If I remember it correctly, one submission failed for the test case where
the maximum delay was equal to the clock period. The description and the
message "Clock period exceeded." made it clear that this was still
an acceptable delay but obviously one comparison in the submitted program
was slightly wrong.
Triangle
Idea: Berni Seybold
How many times have you calculated or geometrically constructed a triangle
at school? The program "Triangle" could have sped up your homework
many times but it would also have taken you many hours to get the program
working correctly. In my opinion, "Triangle" was the most difficult
problem. There are no sophisticated algorithms needed and the final solution
is not very long either. But this problem is again about geometry and a
lot of geometrically tricky test cases.
I did not expect any team to correctly solve this problem.

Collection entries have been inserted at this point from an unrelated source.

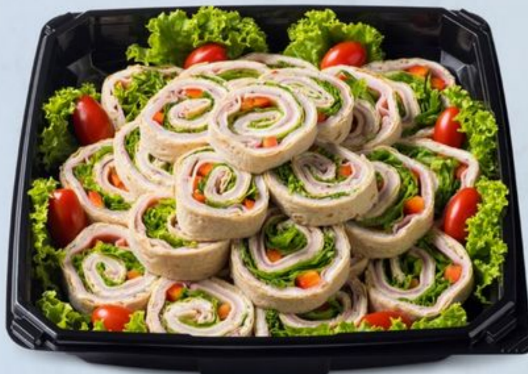
Hye Roller/Pinwheel Snack Square Tortilla, Provolone Cheese, Pan Roasted Turkey, Black Forest Ham, Rondel Garlic & Herb Spread, Lettuce, Red Bell Pepper, Snacking Medley Tomatoes Serves 8-10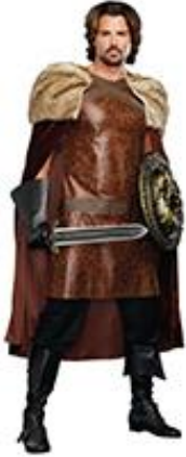
Style 9409 Dragon Warrior King M, L, XL, XXL $25.95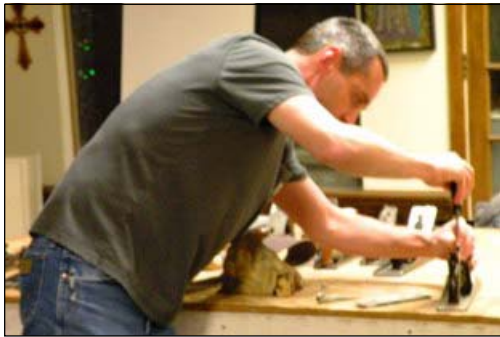
Disassembling the plane to restore.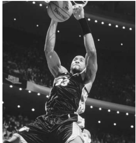
Alonzo Mourning ranks second on Miami's all-time field goal percentage list.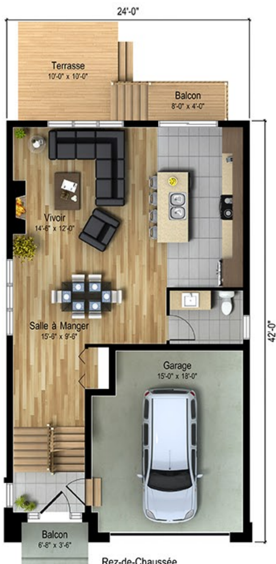
Rez-de-Chaussée Sup. Habitable: 690 pi 2 Sup. Garage: 302 pi 2 Sup. Totale: 1678 pi 2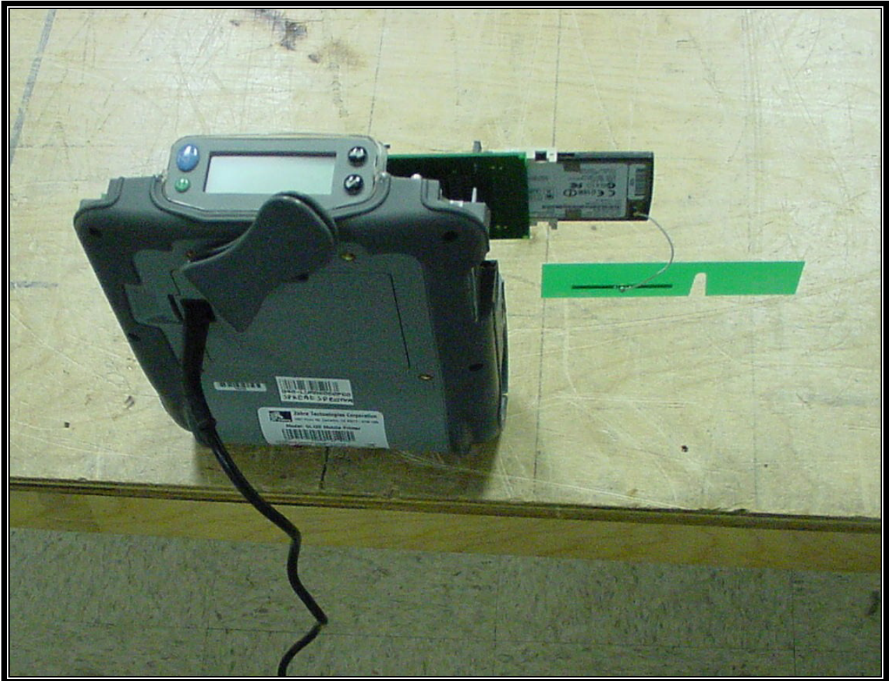
PHOTOGRAPH 8: CONDUCTED EMISSION REAR VIEW USING CQ17110 ANTENNA

Two teams submitted
programs and these programs failed for at least 50 of the nearly 900 test
cases we had.
To get an impression of how to solve the problem, have a look at the sample
implementation. From the different cases your program has to solve correctly,
I only want to mention the most difficult one. Three parameters are given:
the angle beta and the sides a and b. Now if b
is short enough there is not solution at all. If b is equal or longer
than a, there is a single solution. If a is somewhere in-between,
then there are two solutions except if alpha is a right angle where
we again have a single solution. That is the tricky nature of geometry.